By the above problem solving means, it is possible to provide a biosensor capable of fast and accurate measurement and at the same time low manufacturing cost.

1 is a perspective view showing a biosensor according to the prior art.
2 is a perspective view showing a biosensor according to the first, second and fourth embodiments of the present invention.
3A to 3C show an exploded perspective view, a side view and a cross-sectional view of a biosensor according to a first embodiment of the present invention, respectively.
4A to 4C show, respectively, an exploded perspective view, a side view, and a sectional view of a biosensor according to a second embodiment of the present invention.
5A to 5C show, respectively, a perspective view, an exploded perspective view and a sectional view of a biosensor according to a third embodiment of the present invention.
6A is an exploded perspective view of a biosensor according to a fourth embodiment of the present invention, and FIG. 6B is a cross-sectional view comparing the biosensors according to the fourth embodiment of the present invention and the biosensors according to the first and second embodiments.
7A to 7E are perspective views illustrating various embodiments of the embossing and receiving portion of the biosensor according to the present invention.
8A and 8B are conceptual views illustrating the multiple capillary channels of the biosensor according to the present invention.
9 is a graph illustrating an embodiment of a biosensor according to the present invention.

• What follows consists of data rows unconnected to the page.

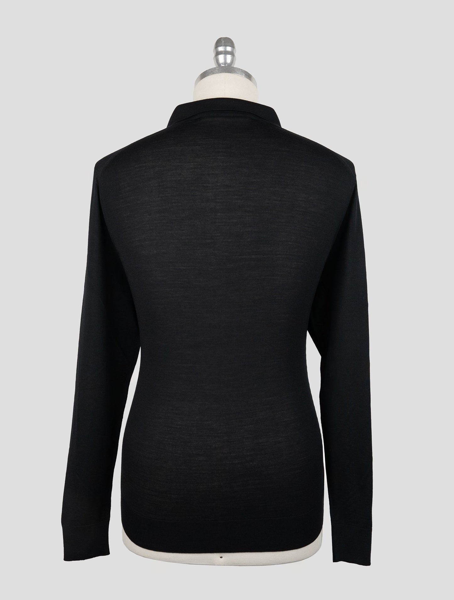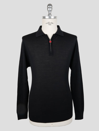 Refined and luxurious, the Kiton sweater polo in black solid is expertly crafted in Italy from ultra-soft 100% 14-micron wool, offering exceptional warmth, breathability, and a lightweight feel. This luxury men’s sweater features a half-zip closure, classic polo collar, and a tailored fit that combines casual sophistication with modern comfort. The rich black color ensures timeless elegance and versatile styling, ideal for layering under a jacket or wearing solo. A true expression of Kiton’s Neapolitan craftsmanship, this piece is perfect for those seeking Italian wool sweaters, 14-micron knitwear, and high-end men’s half-zip polos.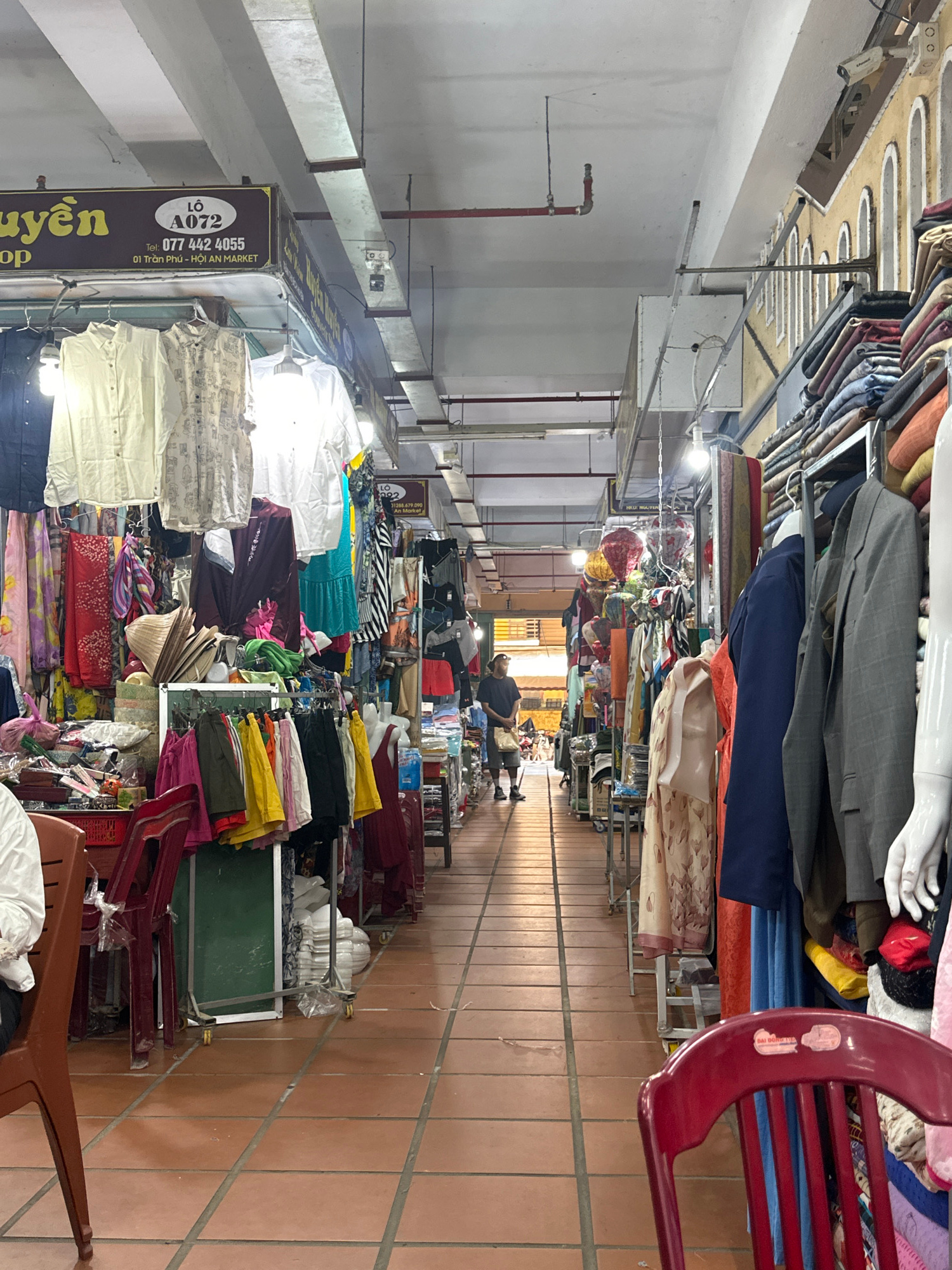 The image captures a commercial space, specifically a clothing market stall within the Hoi An Market in Hoi An Ward, Vietnam. A narrow passageway stretches into the distance, flanked by stalls overflo…read more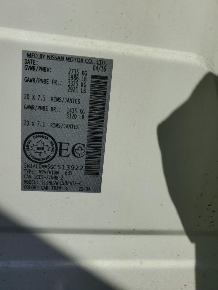 Колір БілийЦиліндри 6Привід Повний привідVIN 5N1AL0MM5GC513922Стан ЗаводитьсяУшкодження НезначніДата аукціона 2025-10-07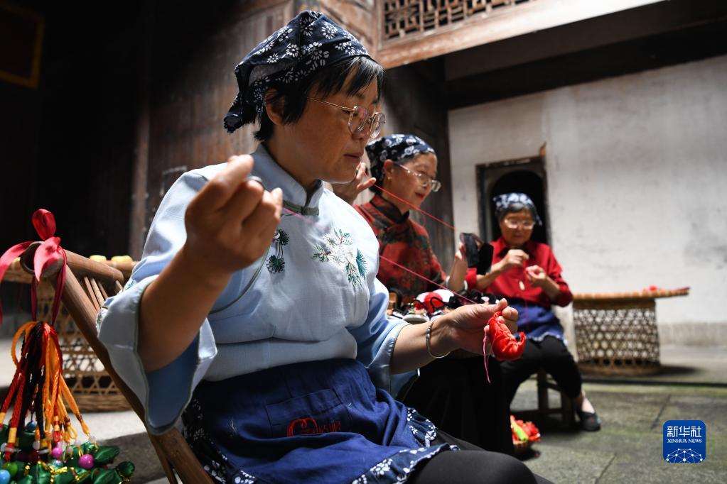 安徽省黃山市歙縣許村是一座有著(zhù)上千年歷史的古村落。每年端午節,父母、長(cháng)輩給孩子們送虎頭鞋、香囊掛件等是許村世代相傳的習俗。如今,許村仍有不少村民堅持手工縫制虎頭鞋、編制香囊掛件,這些“守藝人”希望能留住鄉村的文化底色,讓更多人了解、學(xué)習傳統技藝。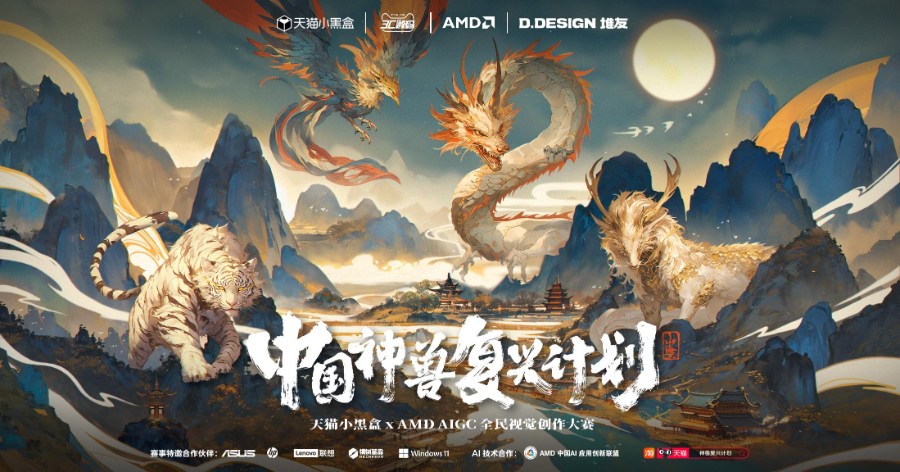 《山海经》作为中国古代的一部奇书,其内容涵盖了地理、动植物、神话传说等多方面的信息,展现了古代中国人丰富的想象力和深邃的文化内涵。《山海经》不仅是了解古代自然与社会的重要文本,更是探索中华民族文化的重要窗口。而优秀传统文化的创新表达知易行难,是一条考验认知、考验审美、考验技术的路。为将《山海经》的魅力以现代方式表述,天猫小黑盒与AMD携手,联合天猫3C数码、华硕、惠普、联想、机械革命和Windows 11发起“中国神兽复兴计划”AIGC全民视觉创作大赛,并特邀中央美术学院摄影教授、博士生导师王川作为活动特别文化指导,利用新的AI科技将中国传统文化呈现在世人面前。

Explanation of Structure of Biosensor

Hereinafter, various embodiments of the biosensor 100 according to the present invention will be described in detail with reference to the accompanying drawings. Strip type biosensor 100 is shown in the following figures, of course, any other shape that can achieve the effect of the present invention, such as circular, elliptical, square or other polygonal is possible.

&Lt; Embodiment 1 >

3A to 3C show a biosensor 100 according to a first embodiment of the present invention. 6B illustrates a cross-sectional view of the biosensor 100 according to the first embodiment.

The biosensor 100 according to the first embodiment of the present invention includes a cover layer 10, an analyte detection layer 20 and a carrier layer 40, and a cover layer 10 and an analyte detection layer 20. Further comprising an adhesive layer 30 between).

The cover layer 10 includes an injection hole 12 into which a sample is introduced and an embossing 11 forming an embossed capillary channel so that the sample injected through the injection hole 12 moves to the analyte detection layer 20. do. In addition, the user may further include a support 13 for placing a finger or the like for sample input.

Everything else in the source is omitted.